Tuesday 24 March 2015 – After months of deliberation, Justice Cloete of the Cape Town High Court handed down judgment in the Jezile matter. The full court decided unanimously to affirm Mr. Jezile’s convictions of human trafficking and rape, but set aside his convictions for assault and simple assault. The court declined to accept Mr. Jezile’s argument that he was in a customary marriage through Ukuthwala.

The Women’s Legal Centre, along with the National House of Traditional Leaders, Centre for Child law, and the Legal Resources Centre, intervened as a friend of the court.

Mr. Jezile was convicted of one count of assault, one count of simple assault, one count of human trafficking and three counts of rape of a fourteen year old girl on November 7, 2013. He appealed his conviction on all counts, arguing that this is a customary marriage of Ukuthwala.

The WLC submitted that Ukuthwala originated as a way to encourage the parents of a bride to begin marriage negotiations through the staged kidnapping of the girl. In its original form, Ukuthwala was completely consensual, involved no violence, and the woman remained with the bridegroom’s female family members until after the marriage ceremony.

The facts of this case do not conform to a traditional custom. The interpretation of Ukuthwala presented in this matter is a harmful cultural practice that involves the forced abduction of women or girls. Those abducted girls are subjected to rape, violence, and non-consensual marriage. The consequences of this practice are immense, including girl-children being required to fulfill the duties of a wife that are not age-appropriate, childhood pregnancy, and transmission of sexually transmitted diseases including HIV and AIDS. Women and girls are also subjected to continual physical and mental abuse as kidnapped brides.

The WLC emphasized that this version of Ukuthwala contravenes several provisions of the Constitution of South Africa. Additionally the cultural practice violates several of South Africa’s civil and criminal statutes. This form of Ukuthwala violates the Criminal Law (Sexual Offences and Related Matters) Amendment Act as it involves the rape of women and children. It also involves the trafficking of persons, a violation of the Prevention and Combating of Trafficking in Persons Act.
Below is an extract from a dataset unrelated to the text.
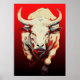 The fiery red tones that dominate the background evoke a sense of passion, energy, and movement, emphasizing the bull's dynamic nature. The play of light and shadow adds depth and dimension, making the image come alive. The bold strokes and fiery palette create an artwork that is both modern and timeless, appealing to those who appreciate strength, motion, and dramatic compositions.

This is an important ruling because the court balanced its Constitutional duty to respect and give effect to customary law while remaining sensitive and mindful to the vulnerability of the girl child. This form of Ukuthwala cannot be granted protection under South African law.

The court found that Mr. Jezile relied on an aberrant form of Ukuthwala that involved unlawful sexual coercion to subdue an underage girl who did not consent to the marriage. Mr. Jezile’s belief that he lawfully concluded a customary marriage under the practice of Ukuthwala was determined insufficient grounds to reverse his conviction of human trafficking and rape of a child.

The court relied on submissions to determine that Mr. Jezile conducted a misapplied version of the Ukuthwala custom.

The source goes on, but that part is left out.